I was going to have an awesome post for you today, showing you how to import, and slice-and-dice data. But I couldn’t make it work. The data that I was working with wasn’t in the right format. My database wouldn’t accept it, and my opportunity to analyze died before I could even get started.

My experience highlights the reality that when working with data, the hardest part is not drawing insights from the data. The most challenging leg of the journey is to get the right data into the right place so that you can start to ask the right questions from the data. Once you can ask the right questions, the insights are relatively easy to find

It is reported that data scientists spend 80% of their time cleaning their data. The rest of the time is spent on analyzing, reporting, and looking for additional data that can add value to what you have learned. 

Data Cleaning

Once you have your data file and you are ready to do something with it, here are a few things that you have to consider to make sure that your dataset is complete.

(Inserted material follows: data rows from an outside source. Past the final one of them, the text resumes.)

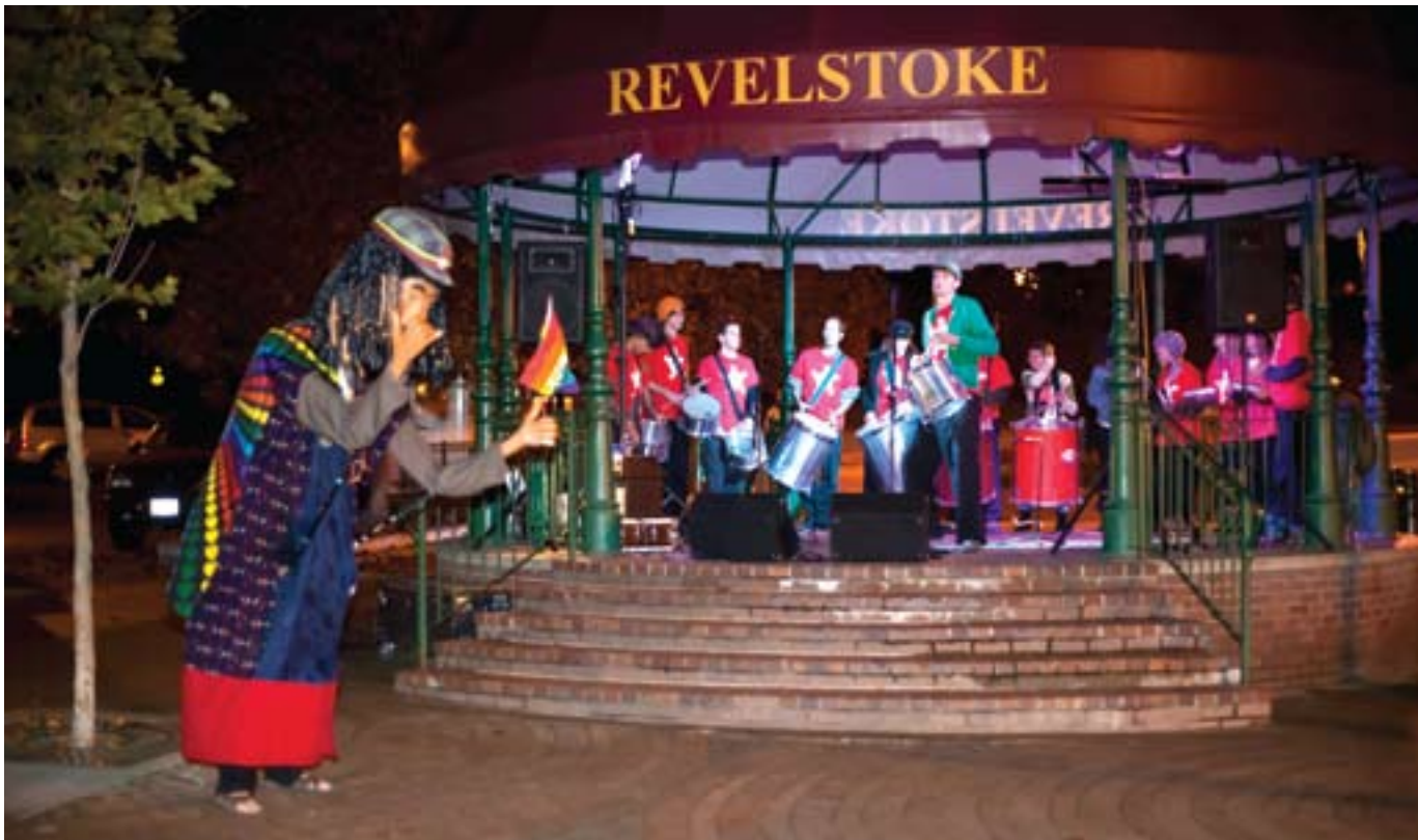
The Moving Mosaic Community Samba Band plays for the crowd in Grizzly Plaza during the evening of Basin culture.

The day’s learning and discussions ended with a surprise: the Moving Mosaic Community Samba Band from Nelson brought everyone to their feet as they wove through the crowd with their upbeat music and movement. This kicked off an evening of cultural entertainment, during which Symposium participants and community members enjoyed a self-guided tour that included excursions to Revelstoke’s arts, culture and heritage venues, a viewing of Basin films, storytelling and a showcase of music by performers from across the Basin.
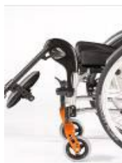
Elevating legrest (ELR)
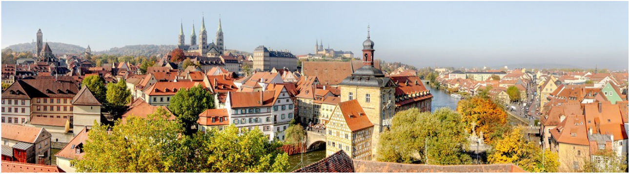
The city
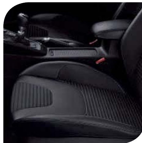
Capretto/Groove partial leather in Charcoal Black for Titanium X
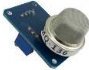
Fig. 12 Gas Sensor

The polyhouse monitoring and controlling system utilizes a gas sensor to detect and monitor the levels of carbon dioxide (CO 2 ). This sensor helps to maintain optimal CO 2 levels, ensuring healthy plant growth and maximizing crop yields.
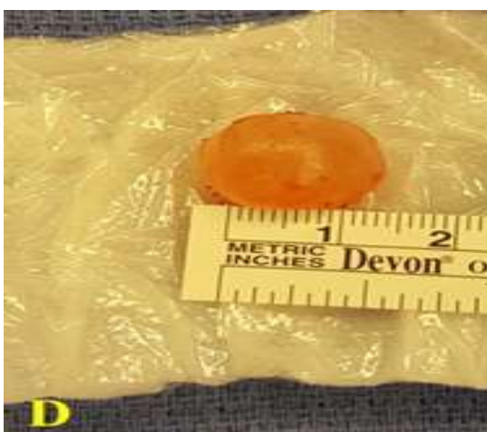
Fig. 2. A) Left testis with tunica albuginea opened and everted demonstrating densely

adherent epididymis. B) Sharp dissection through testicular parenchyma exposes the SIC. C) Isolation of SIC from left testicular parenchyma reveals no communication with tunica albuginea. D) SIC after enucleation.
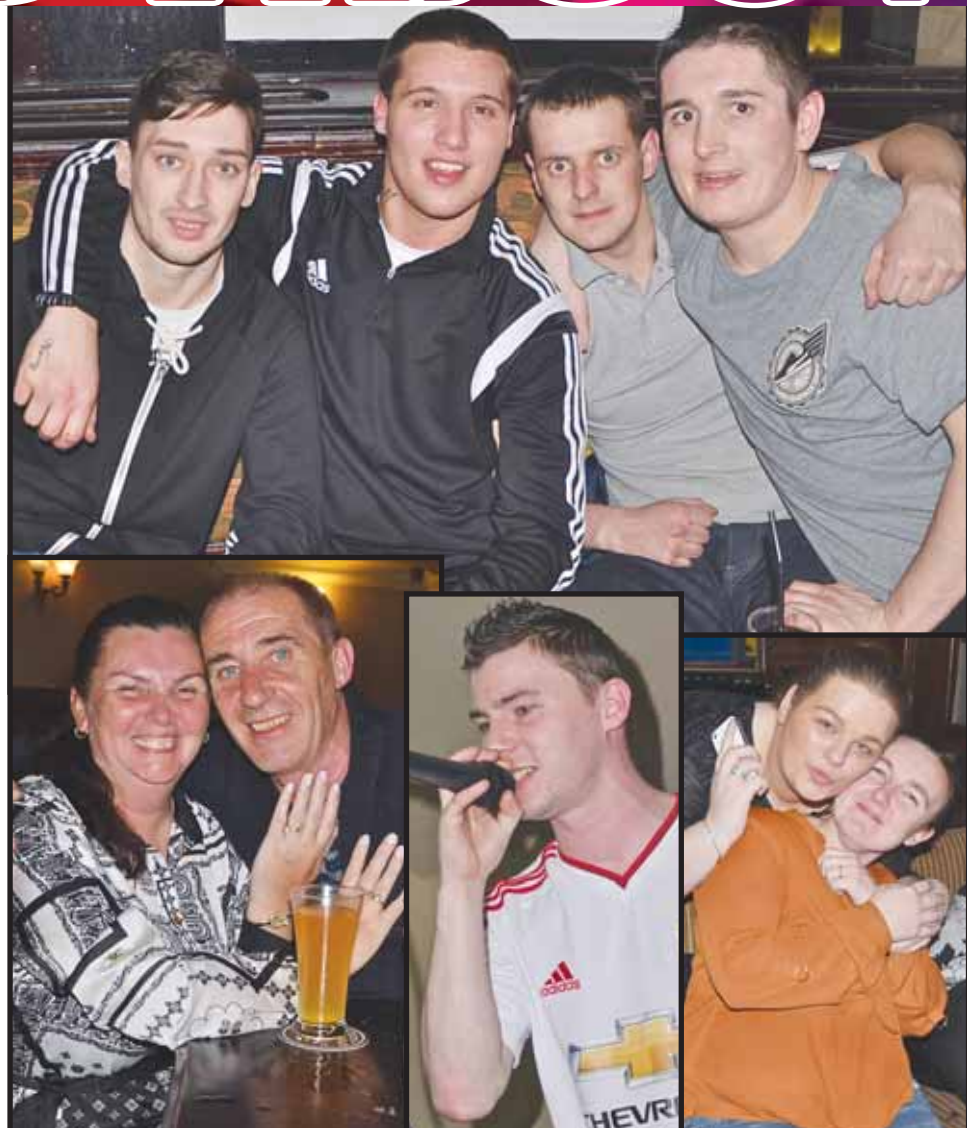
Great night out at the Four Roads
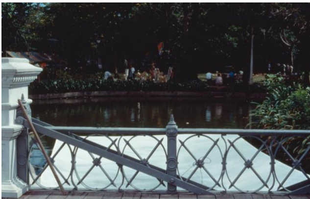
Your Hand Opens and Closes and Opens and
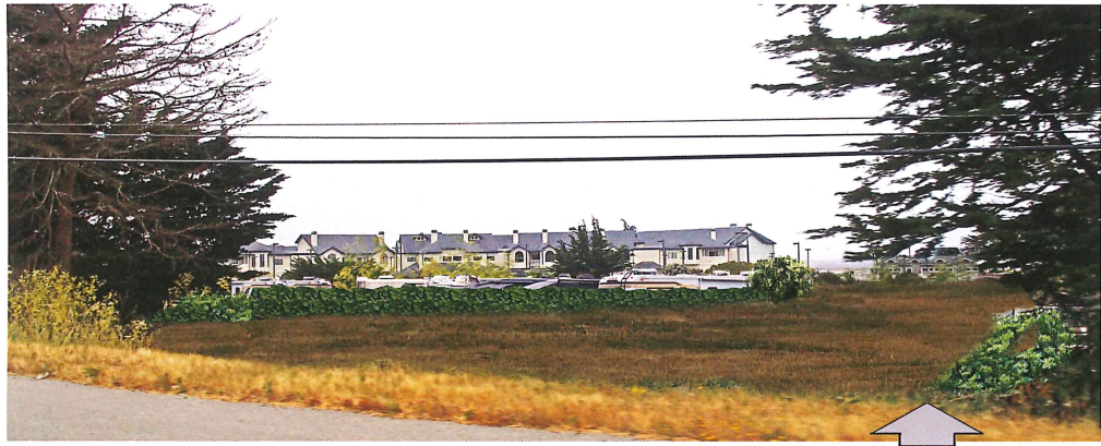
Image Three View from Highway One, southbound, w/ landscape screening
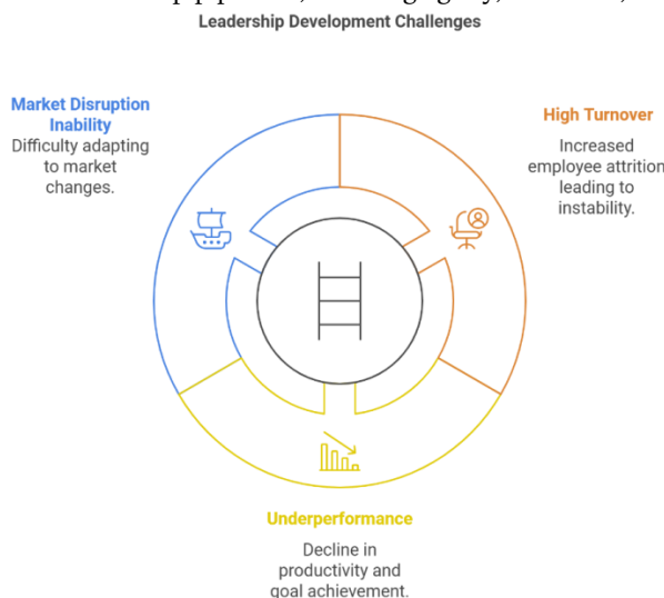
Figure 2: Leadership Development Challenges

Traditional and unstructured approaches to leadership development often fail to address critical skill gaps, align with strategic goals, or prepare leaders for future challenges. Without a systematic framework, organizations risk high turnover, underperformance, and an inability to adapt to market disruptions. The absence of effective leadership assessments and targeted development plans hampers the ability to cultivate high-impact, resilient leaders. There is a pressing need for comprehensive strategies to transform leadership pipelines, ensuring agility, resilience, and sustained organizational success.

  1. File type and encoding. If you have UTF-16 encoding, but your database is expecting ISO-8995-1, you may find yourself with odd-looking data. Or it’s possible that you won’t even be able to move the data to the new location.
  2. Missing data pieces. Are there pieces of data for every field and every row. Are each of the rows the same number of pieces of data. If you have inconsistent columns, it isn’t a problem – you will need to make sure that the right data is aligned with the correct label (column heading.) 
  3. Inconsistent data. Is a piece of data sometimes an integer (with no decimals) and sometimes a number with up to 3 decimal points? What does your database do with the numbers if they don’t have any decimal points? What happens when you sum or average those numbers, will it give you an integer, or go to the highest number of decimal points? Knowing how your system handles inconsistent data, and what the inconsistent data represents is essential to know before you start your analysis.  
  4. The right data type defined for each column. An employee number field might start off looking like a number, but further down you may run into the convention of lettering individual employees (e.g. 10001A, 10001B.) If you try to treat the letters like numbers, the data might disappear, or your queries may fail. Be sure that you have the right data types associated with each collumn so that you can get the best results when you are pulling that type of data. 

There are many other considerations to think about when you have data that you will be analyzing. Once you know that you have accurate, consistent, and relevant data, you can start to look for the insights that will move you forward.